[DATA SECTION]:
------------
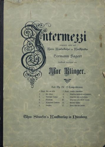 Aquatintaradierungen auf China, auf Bütten aufgewalzt. Mappe mit 12 Arbeiten "Bär und Elfe"; "Am Meer"; "Verfolgter Centaur"; Mondnacht"; "Kämpfende Centauren"; "Bergsturz"; "Simplici Schreibstunde"; "Simplicius am Grabe des Einsiedlers"; "Simplicius unter den Soldaten"; "Simplicius in der Wald-Einöde"; "Gefallene Reiter"; "Amor, Tod und Jenseits". Alle Grafiken in der Platte signiert "Max Klinger" u.li. sowie nummeriert u.re. Gedruckt bei Theo Stroefer´s Kunstverlag in Nürnberg. Auf dem Mappendeckel bedruckt ausführlich betitelt.
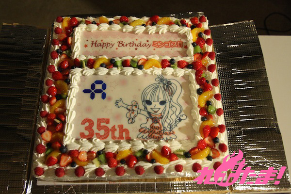 続けて「COLOR SANCTUARY」に突入……するところで濱田Pと原さんがバースデーケーキを持って登場! ミンゴスの絵が書かれた特製ケーキをバックにファンと一緒に写真を撮影した。
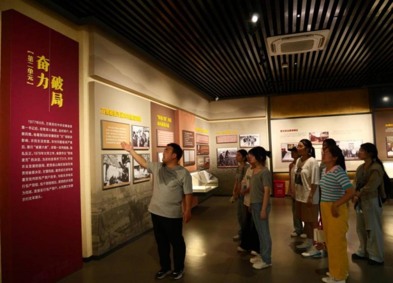 今年暑期,马克思主义学院开展的“三下乡”社会实践活动,覆盖肥西县山南镇长庄村、铭传乡等多个乡村,形成了“现场参观+问题调研+成果汇报”的闭环教学模式。“小井庄的‘红手印’告诉我们,改革是拼出来的!”在肥西县小井庄改革纪念馆,学生们看着1978年农民分田到户的珍贵照片,深刻体会到“敢为人先”的改革精神。作为“中国农村包产到户第一村”,小井庄是学院“行走的思政课”的重要站点——师生们在这里聆听“改革先锋”的后代讲述往事,在田间地头调研乡村振兴的新实践,将“中国式现代化”的理论课堂搬到了改革发源地。
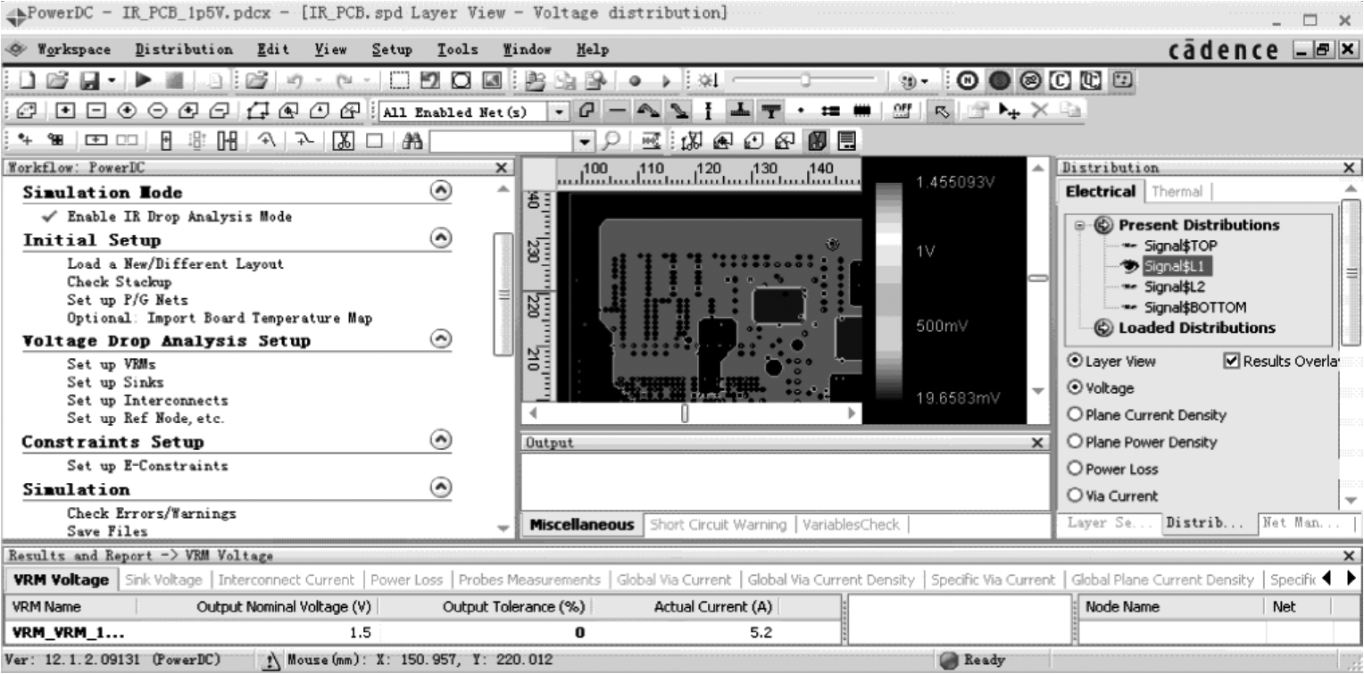 (3)PowerDC是高效准确的直流分析工具,可用于IC封装或PCB整板的直流压降分析、电流密度分析和过孔电流的分析,还可以进行电热协同分析,当VRM模块有Sense感应线时,还可以进行感应线位置的优化,在设计完成后,可以进行直流DRC检查,其图形工作界面如图2-62所示。
------------
[TASK OBJECTIVE]:
Keeping every word as it is, write out all the data and omit the pictures.

[WRITTEN RESPONSE]:
 Aquatintaradierungen auf China, auf Bütten aufgewalzt. Mappe mit 12 Arbeiten "Bär und Elfe"; "Am Meer"; "Verfolgter Centaur"; Mondnacht"; "Kämpfende Centauren"; "Bergsturz"; "Simplici Schreibstunde"; "Simplicius am Grabe des Einsiedlers"; "Simplicius unter den Soldaten"; "Simplicius in der Wald-Einöde"; "Gefallene Reiter"; "Amor, Tod und Jenseits". Alle Grafiken in der Platte signiert "Max Klinger" u.li. sowie nummeriert u.re. Gedruckt bei Theo Stroefer´s Kunstverlag in Nürnberg. Auf dem Mappendeckel bedruckt ausführlich betitelt.
 続けて「COLOR SANCTUARY」に突入……するところで濱田Pと原さんがバースデーケーキを持って登場! ミンゴスの絵が書かれた特製ケーキをバックにファンと一緒に写真を撮影した。
 今年暑期,马克思主义学院开展的“三下乡”社会实践活动,覆盖肥西县山南镇长庄村、铭传乡等多个乡村,形成了“现场参观+问题调研+成果汇报”的闭环教学模式。“小井庄的‘红手印’告诉我们,改革是拼出来的!”在肥西县小井庄改革纪念馆,学生们看着1978年农民分田到户的珍贵照片,深刻体会到“敢为人先”的改革精神。作为“中国农村包产到户第一村”,小井庄是学院“行走的思政课”的重要站点——师生们在这里聆听“改革先锋”的后代讲述往事,在田间地头调研乡村振兴的新实践,将“中国式现代化”的理论课堂搬到了改革发源地。
 (3)PowerDC是高效准确的直流分析工具,可用于IC封装或PCB整板的直流压降分析、电流密度分析和过孔电流的分析,还可以进行电热协同分析,当VRM模块有Sense感应线时,还可以进行感应线位置的优化,在设计完成后,可以进行直流DRC检查,其图形工作界面如图2-62所示。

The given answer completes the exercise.